■ The task ■
Beginning with the line that holds "HUE Super Smooth" in the data below, give again every line through the one that holds "H istory, colour, roots, sports: on", exactly as written.

■ Data section ■
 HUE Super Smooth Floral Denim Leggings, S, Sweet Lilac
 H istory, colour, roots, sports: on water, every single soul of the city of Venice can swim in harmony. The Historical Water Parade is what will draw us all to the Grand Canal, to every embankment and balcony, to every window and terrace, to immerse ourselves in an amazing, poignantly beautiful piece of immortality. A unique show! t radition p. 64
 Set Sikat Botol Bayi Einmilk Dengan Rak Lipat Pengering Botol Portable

==

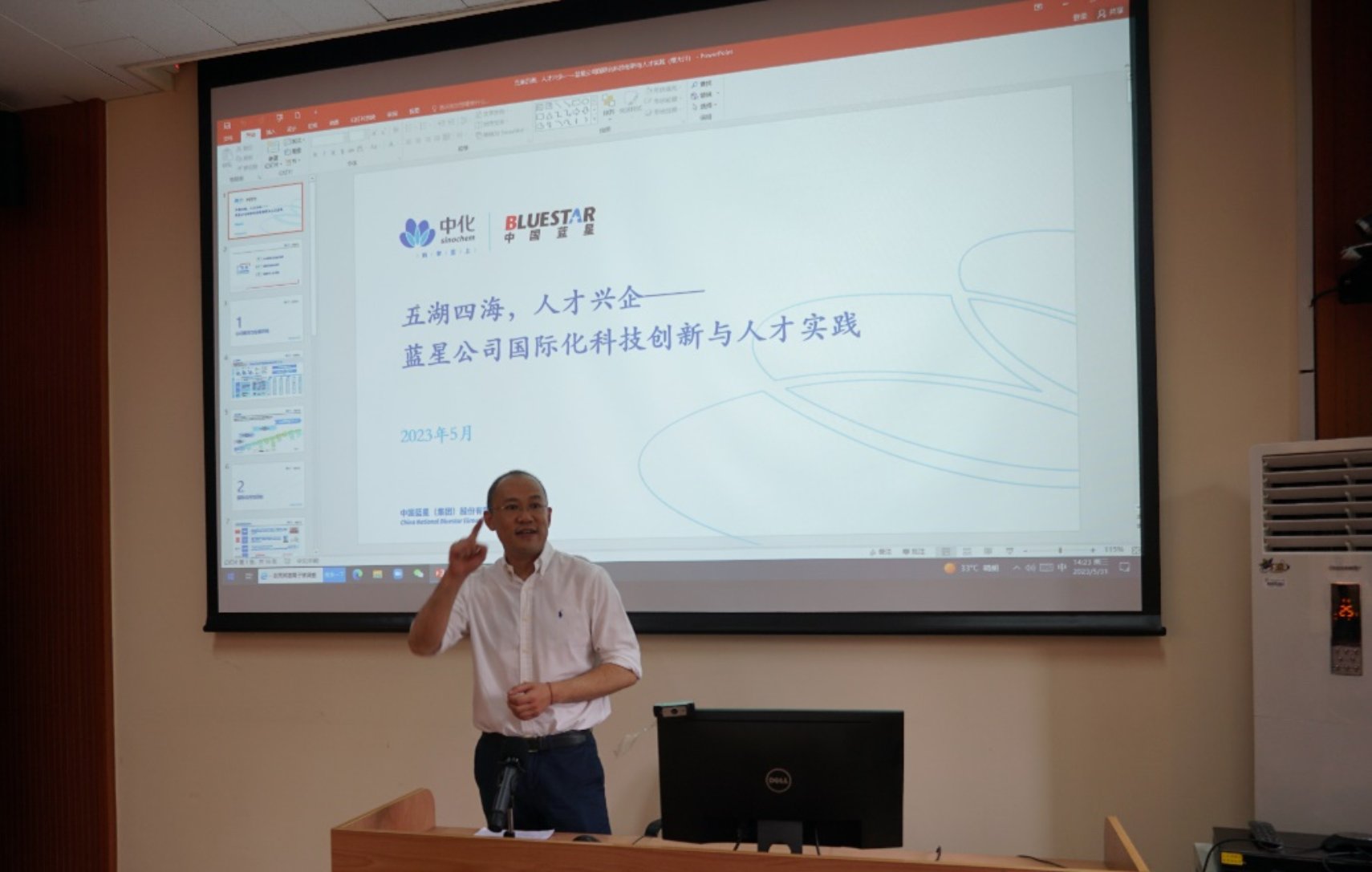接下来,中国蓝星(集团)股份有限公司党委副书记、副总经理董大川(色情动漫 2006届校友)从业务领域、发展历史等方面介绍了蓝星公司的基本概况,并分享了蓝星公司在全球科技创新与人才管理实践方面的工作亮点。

■ Solved exercise ■
 HUE Super Smooth Floral Denim Leggings, S, Sweet Lilac
 H istory, colour, roots, sports: on water, every single soul of the city of Venice can swim in harmony. The Historical Water Parade is what will draw us all to the Grand Canal, to every embankment and balcony, to every window and terrace, to immerse ourselves in an amazing, poignantly beautiful piece of immortality. A unique show! t radition p. 64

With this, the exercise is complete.